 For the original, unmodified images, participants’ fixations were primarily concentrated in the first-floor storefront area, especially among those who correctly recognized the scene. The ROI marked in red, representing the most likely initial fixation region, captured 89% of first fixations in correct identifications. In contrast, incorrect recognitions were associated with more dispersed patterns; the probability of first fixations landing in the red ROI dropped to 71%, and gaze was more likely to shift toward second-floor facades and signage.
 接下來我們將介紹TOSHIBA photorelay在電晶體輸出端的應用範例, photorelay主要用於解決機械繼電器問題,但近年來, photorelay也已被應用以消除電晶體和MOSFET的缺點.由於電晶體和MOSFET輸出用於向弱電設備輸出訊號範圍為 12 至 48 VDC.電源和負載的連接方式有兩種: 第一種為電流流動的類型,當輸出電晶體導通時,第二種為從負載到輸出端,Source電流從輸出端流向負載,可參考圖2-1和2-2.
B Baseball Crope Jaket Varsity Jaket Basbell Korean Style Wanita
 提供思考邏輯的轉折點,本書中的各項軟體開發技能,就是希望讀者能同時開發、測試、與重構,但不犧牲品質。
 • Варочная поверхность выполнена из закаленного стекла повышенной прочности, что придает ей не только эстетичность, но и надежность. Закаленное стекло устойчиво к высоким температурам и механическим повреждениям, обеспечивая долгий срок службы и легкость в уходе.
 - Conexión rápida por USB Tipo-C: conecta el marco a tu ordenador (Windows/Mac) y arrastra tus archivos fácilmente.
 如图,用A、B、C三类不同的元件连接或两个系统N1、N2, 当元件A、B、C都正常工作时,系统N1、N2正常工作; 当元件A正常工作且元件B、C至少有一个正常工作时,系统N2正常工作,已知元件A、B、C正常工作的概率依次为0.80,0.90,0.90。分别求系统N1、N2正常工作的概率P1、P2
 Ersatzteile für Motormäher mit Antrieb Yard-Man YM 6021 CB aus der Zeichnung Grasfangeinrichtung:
* * *
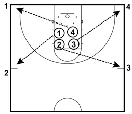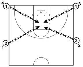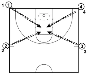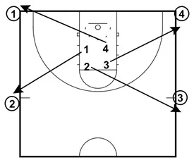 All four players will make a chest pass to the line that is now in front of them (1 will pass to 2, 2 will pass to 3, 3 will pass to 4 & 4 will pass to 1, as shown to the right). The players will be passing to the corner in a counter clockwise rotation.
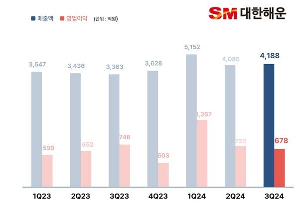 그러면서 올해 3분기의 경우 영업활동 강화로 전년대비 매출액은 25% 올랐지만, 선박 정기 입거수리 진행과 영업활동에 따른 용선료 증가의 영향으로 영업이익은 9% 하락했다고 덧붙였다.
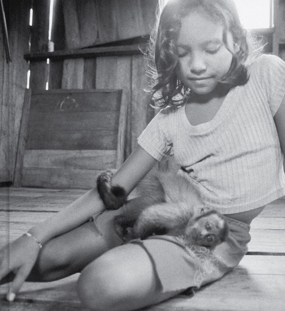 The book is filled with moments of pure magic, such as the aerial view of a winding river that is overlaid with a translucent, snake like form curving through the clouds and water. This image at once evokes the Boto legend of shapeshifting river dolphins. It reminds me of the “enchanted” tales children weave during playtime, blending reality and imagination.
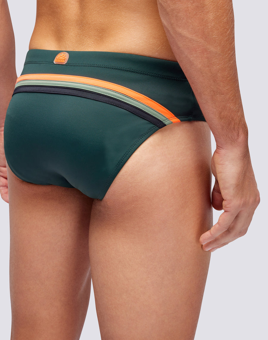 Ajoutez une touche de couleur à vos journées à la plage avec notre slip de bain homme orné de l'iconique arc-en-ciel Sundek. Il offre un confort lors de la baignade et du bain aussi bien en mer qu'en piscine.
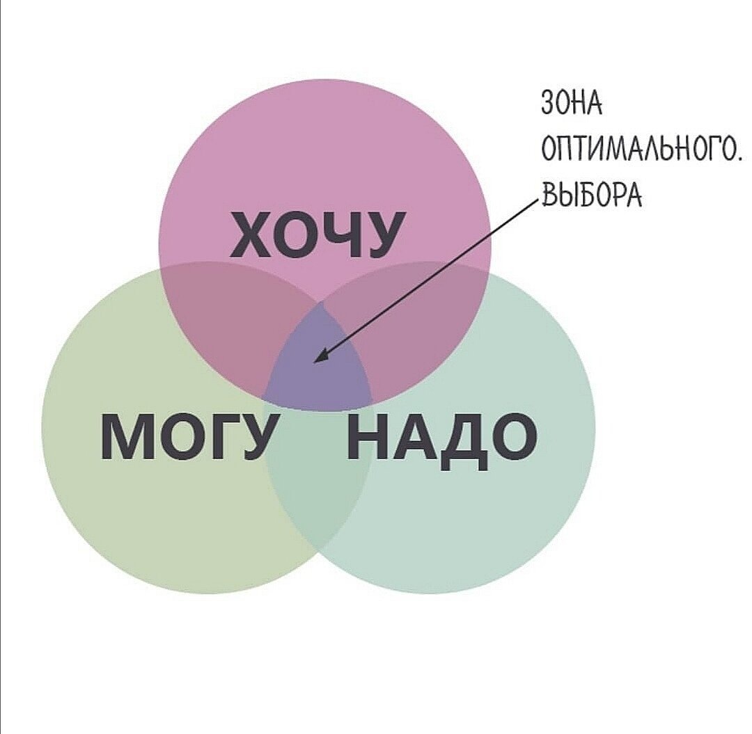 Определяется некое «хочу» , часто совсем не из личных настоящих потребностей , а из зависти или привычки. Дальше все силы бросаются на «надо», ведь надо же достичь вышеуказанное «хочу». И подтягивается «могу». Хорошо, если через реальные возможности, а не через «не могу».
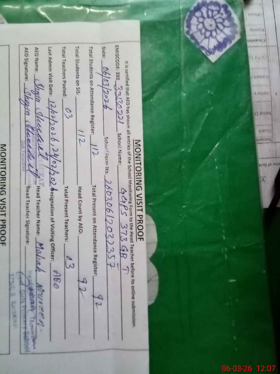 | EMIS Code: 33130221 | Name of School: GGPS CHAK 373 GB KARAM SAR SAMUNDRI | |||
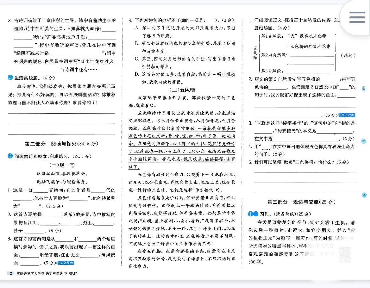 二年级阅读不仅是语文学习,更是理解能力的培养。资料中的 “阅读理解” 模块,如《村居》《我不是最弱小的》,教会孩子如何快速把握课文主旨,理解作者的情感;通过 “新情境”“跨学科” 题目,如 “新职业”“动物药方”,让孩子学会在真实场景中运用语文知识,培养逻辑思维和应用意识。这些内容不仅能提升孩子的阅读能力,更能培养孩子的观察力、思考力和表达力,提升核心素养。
* * *
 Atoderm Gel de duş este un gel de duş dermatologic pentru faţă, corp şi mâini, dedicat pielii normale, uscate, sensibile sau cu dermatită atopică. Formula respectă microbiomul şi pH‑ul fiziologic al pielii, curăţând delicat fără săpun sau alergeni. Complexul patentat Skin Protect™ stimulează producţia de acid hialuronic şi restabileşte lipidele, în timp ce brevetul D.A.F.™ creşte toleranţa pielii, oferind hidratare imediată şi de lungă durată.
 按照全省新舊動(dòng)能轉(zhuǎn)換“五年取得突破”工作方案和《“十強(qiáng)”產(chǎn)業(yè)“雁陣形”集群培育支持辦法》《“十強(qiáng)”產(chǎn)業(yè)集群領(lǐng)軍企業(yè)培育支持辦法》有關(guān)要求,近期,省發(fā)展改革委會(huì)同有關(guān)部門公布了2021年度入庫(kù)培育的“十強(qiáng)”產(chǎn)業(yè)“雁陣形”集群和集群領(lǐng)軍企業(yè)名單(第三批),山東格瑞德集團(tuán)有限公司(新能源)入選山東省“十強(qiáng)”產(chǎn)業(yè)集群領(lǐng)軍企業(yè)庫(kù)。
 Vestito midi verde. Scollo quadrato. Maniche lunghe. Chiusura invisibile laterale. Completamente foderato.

> _Aim of the exercise_
Go to the line above that has "Ajoutez une touche" and copy exactly from there down to the line that has "часто совсем не", both included. Leave the pictures out.

> _Expected answer_
 Ajoutez une touche de couleur à vos journées à la plage avec notre slip de bain homme orné de l'iconique arc-en-ciel Sundek. Il offre un confort lors de la baignade et du bain aussi bien en mer qu'en piscine.
 Определяется некое «хочу» , часто совсем не из личных настоящих потребностей , а из зависти или привычки. Дальше все силы бросаются на «надо», ведь надо же достичь вышеуказанное «хочу». И подтягивается «могу». Хорошо, если через реальные возможности, а не через «не могу».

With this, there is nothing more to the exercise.